Faith
How to Emotionally Recover from a Financial Mistake: A Faith-Based Perspective
Why regretting the past holds you back, and how to find strength, meaning, and peace after business failure — through faith, mindset, and resilience
- Rabbi Yaron Yitzhakov
- פורסם ז' סיון התשפ"ב

#VALUE!
Mrs. Sigalit shared that she made a business mistake five years ago. Since then, not a day has gone by without her crying and regretting the error that landed her in a financial hole of half a million shekels. “How do you cope?” she asked, her voice choked with tears.
First, it’s important to remember that crying over the past is like receiving a double punishment. Bringing the past into the present means suffering today for something that happened yesterday which is a mindset that not only doesn’t help us move forward emotionally, mentally, financially, etc., but actually floods us with pain and sorrow, preventing us from starting fresh with renewed strength. As believing Jews, we know that everything is from Heaven, and we have no permission to despair.

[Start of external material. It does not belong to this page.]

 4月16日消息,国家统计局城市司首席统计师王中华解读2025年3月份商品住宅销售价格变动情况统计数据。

During the austerity period, not every child was lucky enough to drink a glass of milk in the morning. Often, children would come to school hungry, struggling to concentrate. One morning, a rabbi arrived carrying a large jug of milk on his shoulder. The children, seeing the jug, ran after him in excitement, thrilled by the thought that soon they would get a cup of milk to relieve their hunger. But instead of pouring the children cups of milk, the rabbi walked straight to the drain in the yard, and poured the entire jug of milk into it.
The children stood stunned, watching silently, unable to comprehend what had just happened. After a few seconds of tense silence, the rabbi turned to the students and asked, “Well?... Why aren’t you crying?”

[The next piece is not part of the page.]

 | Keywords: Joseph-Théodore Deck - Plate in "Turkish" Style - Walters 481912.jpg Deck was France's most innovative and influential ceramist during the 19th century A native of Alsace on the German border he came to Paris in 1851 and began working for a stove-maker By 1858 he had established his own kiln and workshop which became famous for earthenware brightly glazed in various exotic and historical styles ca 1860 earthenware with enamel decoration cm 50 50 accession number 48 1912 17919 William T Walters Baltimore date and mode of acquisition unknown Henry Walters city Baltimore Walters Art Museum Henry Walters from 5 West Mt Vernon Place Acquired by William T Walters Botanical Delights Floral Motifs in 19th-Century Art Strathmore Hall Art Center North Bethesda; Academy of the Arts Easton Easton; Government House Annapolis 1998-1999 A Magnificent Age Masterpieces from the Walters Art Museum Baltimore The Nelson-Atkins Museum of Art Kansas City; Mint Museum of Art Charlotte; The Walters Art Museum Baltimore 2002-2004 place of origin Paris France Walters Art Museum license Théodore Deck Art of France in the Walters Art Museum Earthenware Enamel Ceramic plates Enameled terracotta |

“What would it help if we cried?” one student replied. “It’s milk, but it’s already spilled.”
“You heard that?” the rabbi raised his voice. “We don’t cry over spilled milk.”

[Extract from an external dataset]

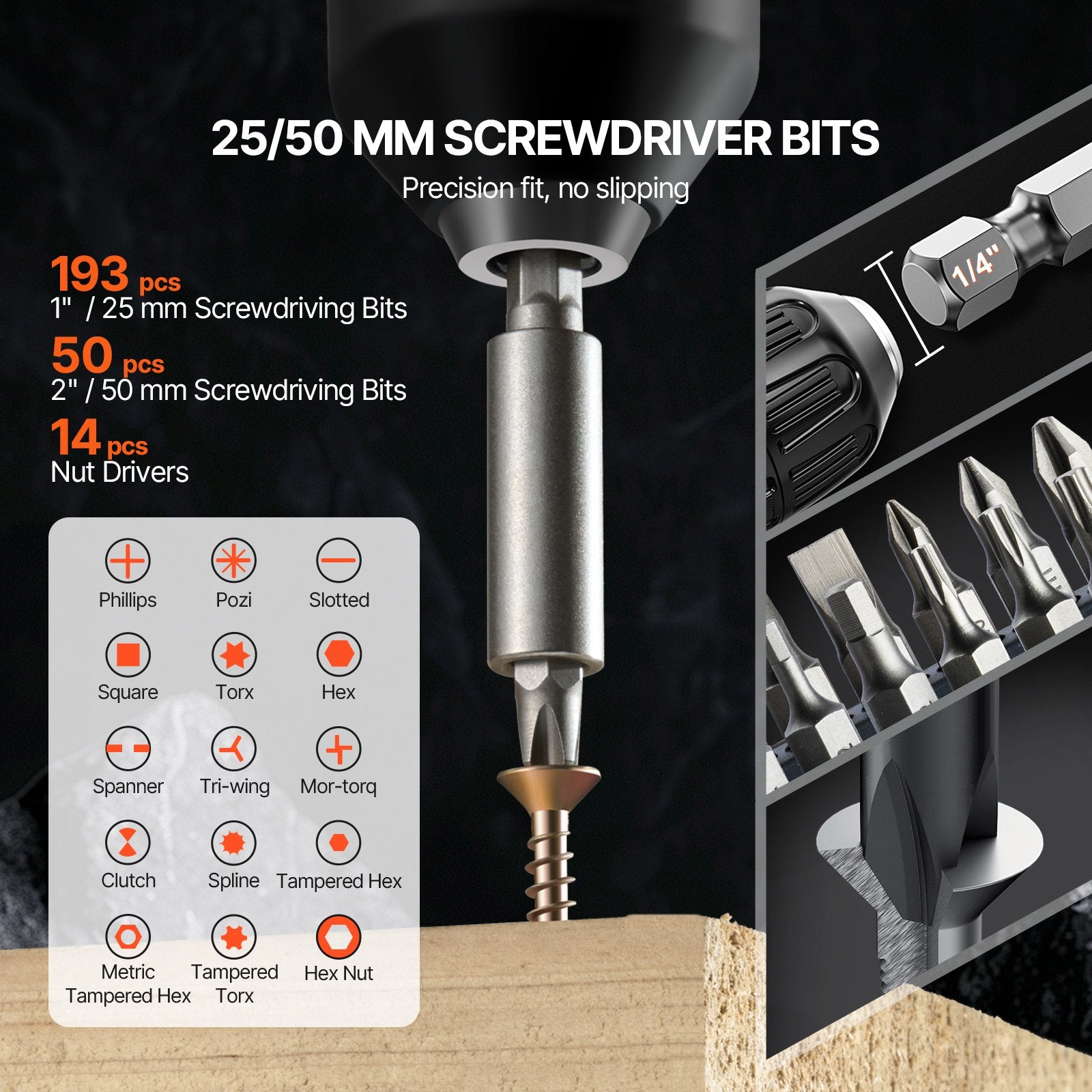- CR-V Durable Bits: The screwdriver bit set is made from upgraded CR-V material for better toughness and durability. With 257 specifications, it ensures a tight grip on screws without slipping, making fastening and loosening parts easy and effortless.

One of those students tells the story today, decades later. He’s been through many challenges in life, but he always remembered the rabbi’s lesson with the milk jug: don’t cry over spilled milk.
Returning to Sigalit’s failed deal, I explained: we are not prophets or fortune-tellers. We act based on the information we have in the moment. You did what you thought was right at the time, and that’s okay. What happened, happened, because that’s what God wanted. The Master of the World is the one running the puppet show. He decides who invests, and where. As it says (Deuteronomy 8:18), “It is He who gives you the strength to succeed,” which Onkelos translates as: “It is He who gives you the idea where to buy and what to do.”
Sometimes, God takes money instead of physical illness, sometimes it’s in place of mental suffering, and sometimes it’s an atonement for the soul. A believing Jew knows: if I succeeded, it’s because God willed it, and if I failed, it’s because God willed it. There is no direct link between skill and success. We begin every effort with prayer, and deliverance comes from God alone.
Be happy, Sigalit, that you lost money and not your health. And remember that everything that happens to you is ultimately for your good.